What is Presto Hadoop?
Presto is an open-source distributed SQL query engine that can be placed on top of a wide variety of data sources, from Hadoop distributed file system (HDFS) to traditional relational databases as well as NoSQL data sources such as Cassandra. Presto is particularly equipped to perform multiple concurrent interactive queries against a data source.
Presto was developed at Facebook in Fall 2012 as a replacement to Hive, and Facebook still uses the software to query their 300 petabyte Hadoop cluster filled with data generated from their 1 billion-plus users. Other prominent technology companies such as Netflix, Dropbox, and Airbnb. There is therefore a strong developer community behind the project.
Teradata has a dedicated team of over 20 developers contributing open source code to Presto. The company supports a multi-year commitment to increasing Presto adoption in the enterprise. However, the documentation is limited and is best suited for developers, which means you will need engineering resources to setup and maintain your Presto Configuration.
Why choose Presto?
The developers that built Presto focused on providing interactive querying to their users, which meant decreasing the amount of time it took for a query to return. Therefore, Presto is a great choice as the backend for business intelligence tools such as Looker because the engine enables queries to return very quickly.
Presto has many integrations with 3rd-party data sources, and is able to connect to Kafka, Redis, H3, S3, Hadoop, NoSQL, MySQL, Postgres, among others.
Presto uses standard ANSI SQL to query different data sources, while other SQL Engines such as Hive do not fall under the ANSI standard (Hive uses a querying language similar to SQL known as HiveQL).
What is Presto great for?
Interactive ad hoc querying large datasets
On denormalized data sets that require few joins, Presto approaches interactive query speeds, which means that queries with Presto return on the order of seconds to minutes, rather than minutes to hours. This is largely due to Presto’s unique architecture which is performed completely in-memory (rather than other SQL Engines that use MapReduce and write intermediate steps to disk).
Organizations with disparate data sources
For companies that cannot consolidate all of their data into one centralized store, Presto’s data federation capabilities can create a unified query layer that enables you to blend your data across different data sources together.
Organizations with star schemas
Due to Presto’s in-memory architecture, extremely large queries across fact tables can tend to overwhelm the compute engine. This makes Presto a great choice for inexpensive joins within a star schema between a fact table and a dimension table.

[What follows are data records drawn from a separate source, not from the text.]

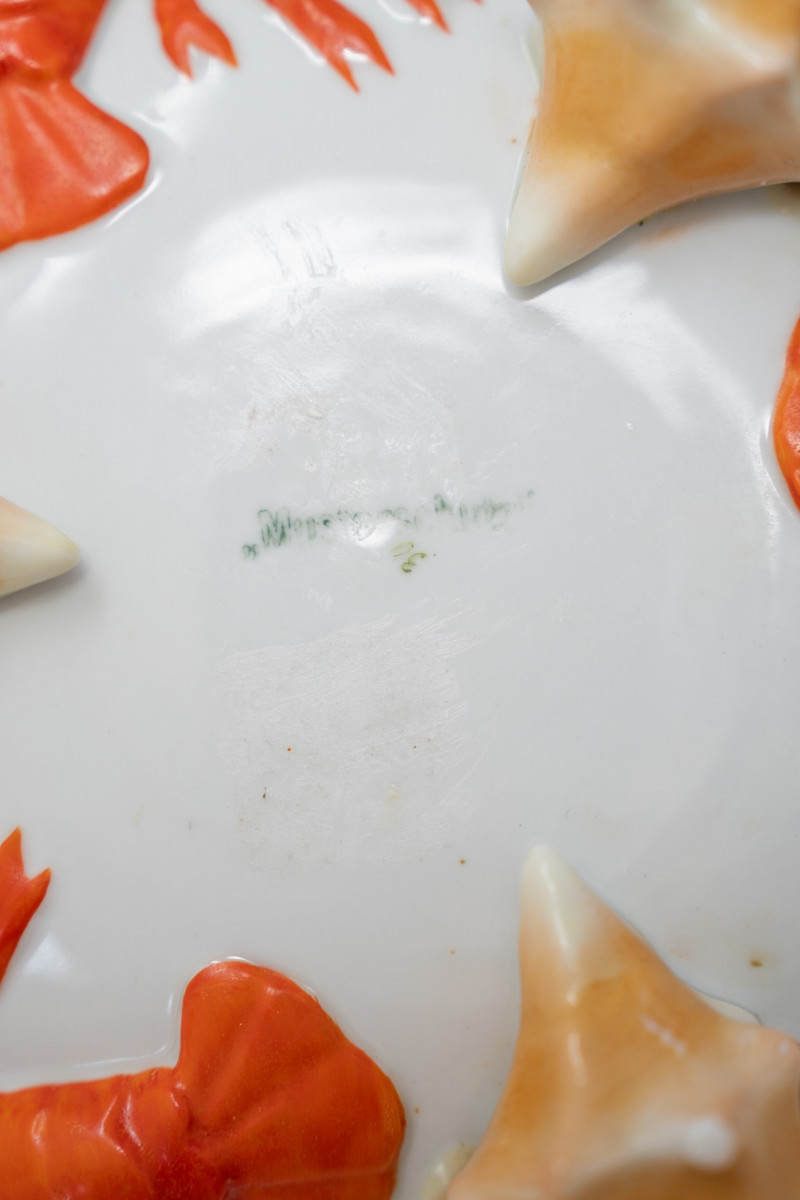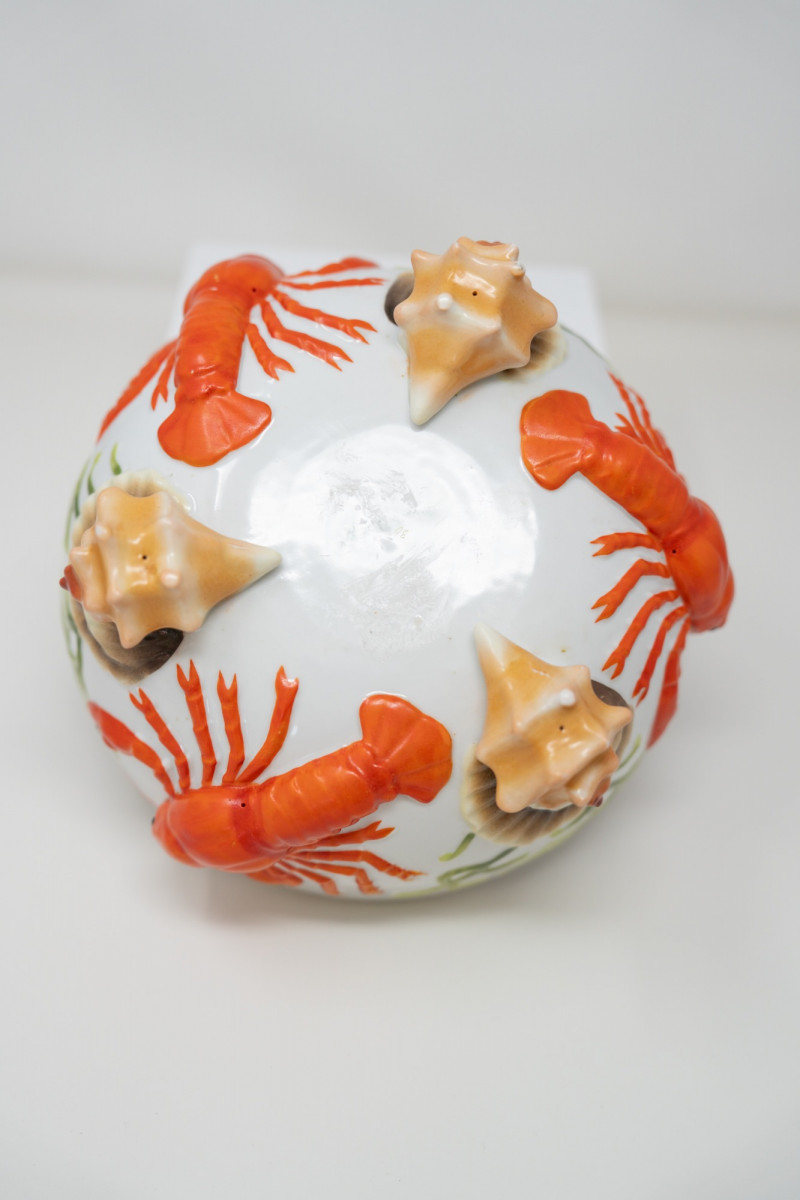 Majolica pieces featuring sculptural lobster and shell detailing are rare and highly collectible—this example stands out for both its vibrant design and craftsmanship.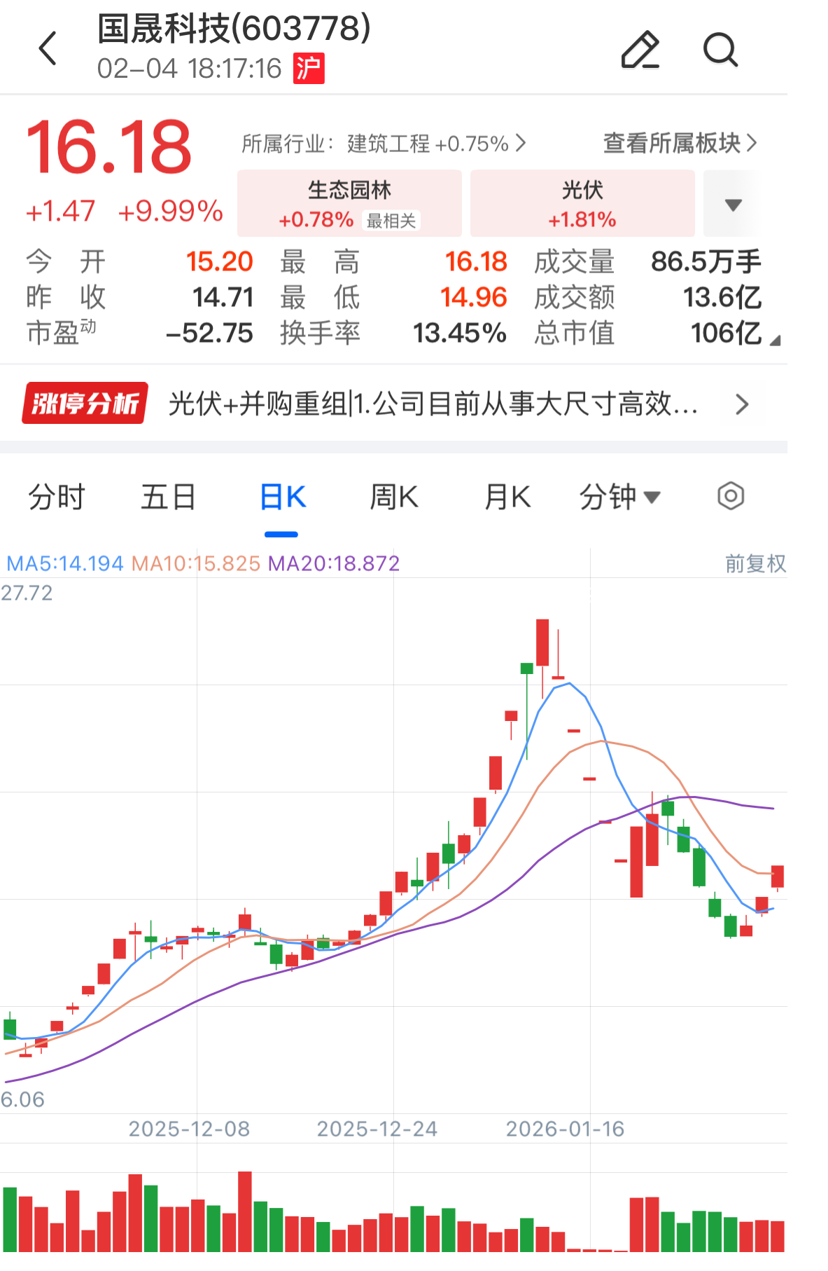 国晟科技是近年来A股市场少见的大牛股。2025年,该股股价涨幅达到480.86%;2026年1月月中展开大幅调整,股价一度接近腰斩,截至今日收盘,该股录得2连板,收盘价报16.18元/股。
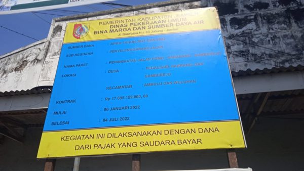 Jember, Memo X – Proyek peningkatan jalan Pomo-Sabrang-Sumberejo Kecamatan Ambulu berkualitas buruk. Diduga proyek yang menggunakan dana APBD Jember 2021 dengan skema multiyears atau tahun jamak dikerjakan asal-asalan.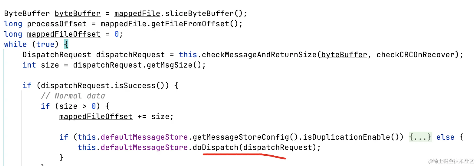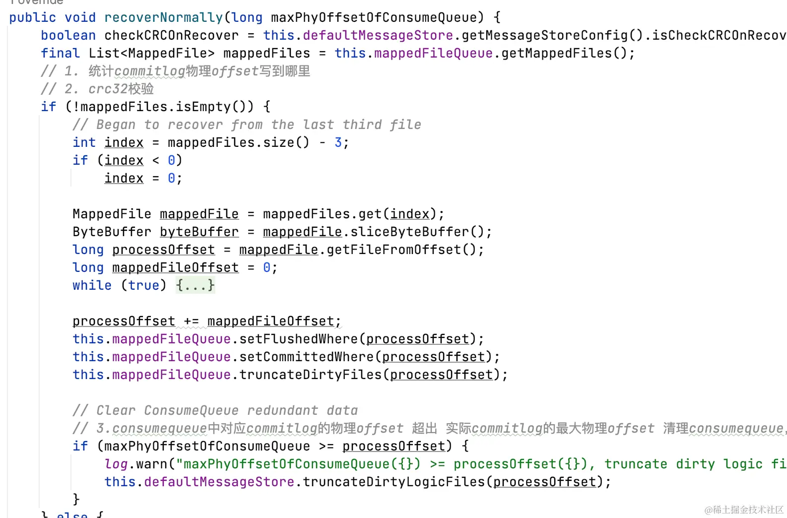 - 入参是consumequeue中最大的commitlog物理offset,如果consumequeue刷盘进度大于实际commitlog,截断consumequeue中的记录(忽略);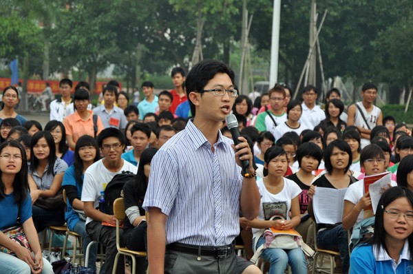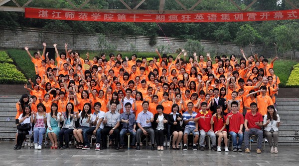 湛师新闻网11月6日讯 今天上午,我校疯狂英语第十二期集训营在雷阳广场举行开幕式。疯英创始人李子深老师、第八届主席黄松、第八届副主席杨雄伟、第十一期主席团、干部及教练、校学生会副主席李杨、来自海大CEA联盟的朋友、第十二期全体干部与教练、与2千多名学员一同参加了本次开幕式。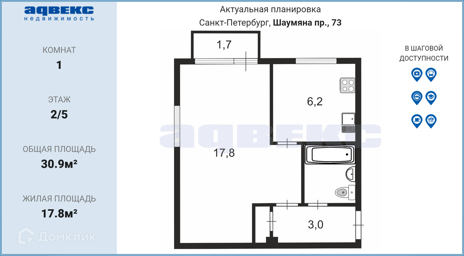 1-комнатная квартира, 30.9 м2, этаж 2 / 5, на продажу в Санкт-Петербурге, проспект Шаумяна, 73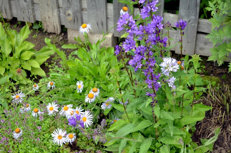 Цветы переполнены колокольчиком, тимьяном и многолетней астрой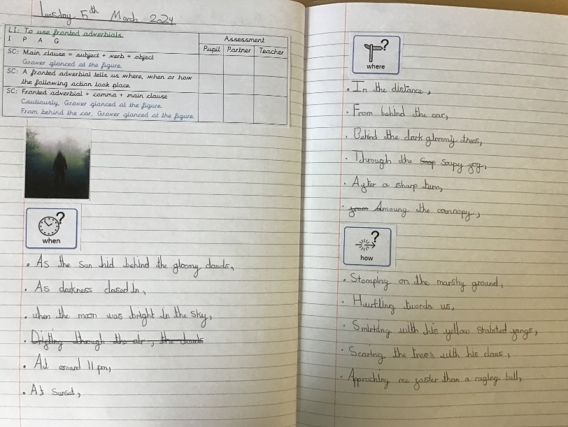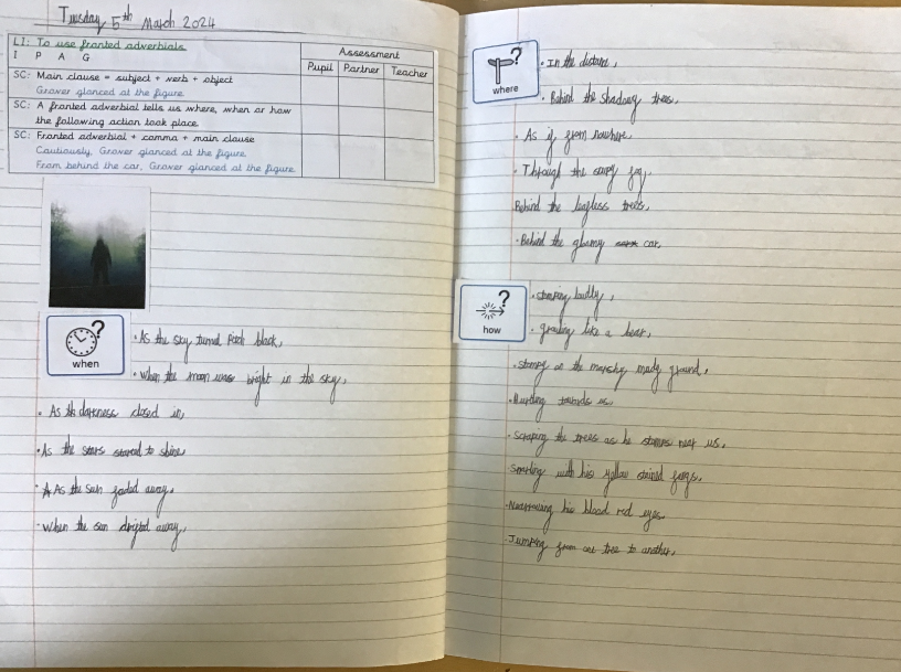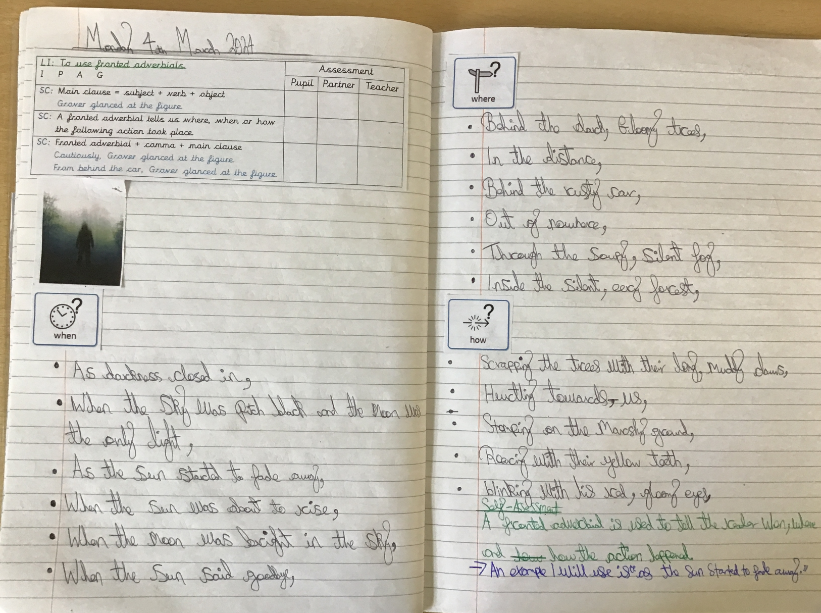 On Tuesday, our grammar lesson was focused on preparing fronted adverbials, which we would later use in our writing. We recalled that adverbials are used to describe when, where or how events take place. We all ensured we started our fronted adverbial with a capital letter – as it is the start of our sentence – and ended it with a comma.

Presto is open source so the software is free for download. However, it’s important to note that the total cost of ownership for Presto will be high, since engineering resources are necessary to deploy and maintain the software, as well as manage the hardware if deployed on premise. Managing and deploying the servers will have a variable cost.
Presto’s architecture is more similar to traditional analytical MPP database architectures than other SQL Engines such as Hive, given that all of Presto’s computations are performed in memory and don’t use MapReduce to compute data. This means, instead of writing intermediate operations to disk, like MapReduce does, Presto executes compute steps completely in memory and pushes the intermediate results across the network. This architecture dramatically increases query-speed, while limiting query throughput to a degree.
Executing a query in Presto
When a SQL query is issued in Presto, the query is sent to the Coordinator. The coordinator is responsible for breaking the query into logical steps and forming an optimized query execution plan. One the coordinator forms an execution plan, it then distributes instructions to the worker nodes closest to where the physical data is located, which then stream data from physical storage into memory, where it’s then pipelined across the network, and returned to the client.
Types of data
Presto is a distributed SQL query engine designed to query large data sets distributed over one or more heterogeneous data sources. Presto itself does not store data.
Range of row (quantity)
Presto is a petabyte-scale SQL engine, depending on the data stores it is connected to. For instance, if you are using a Hadoop cluster, the amount of data that you will be able to store is much larger than if you are connecting to a postgres database. On the other hand, because Presto writes ANSI SQL, you can leverage many data sources at once, making the data volume Presto can handle very large.
Implementing and using Presto
Presto can be downloaded for free from Github or from Teradata.
Once downloaded, Presto has a guide to deploying the software on your server.
Process for new data
Given that Presto is a SQL Engine and not a database, Presto doesn’t actually store any data, which means the process for adding new data just means making Presto aware of an existing data source that you have. This means either connecting Presto to this existing data source, or piping the data into a data source that Presto is able to query.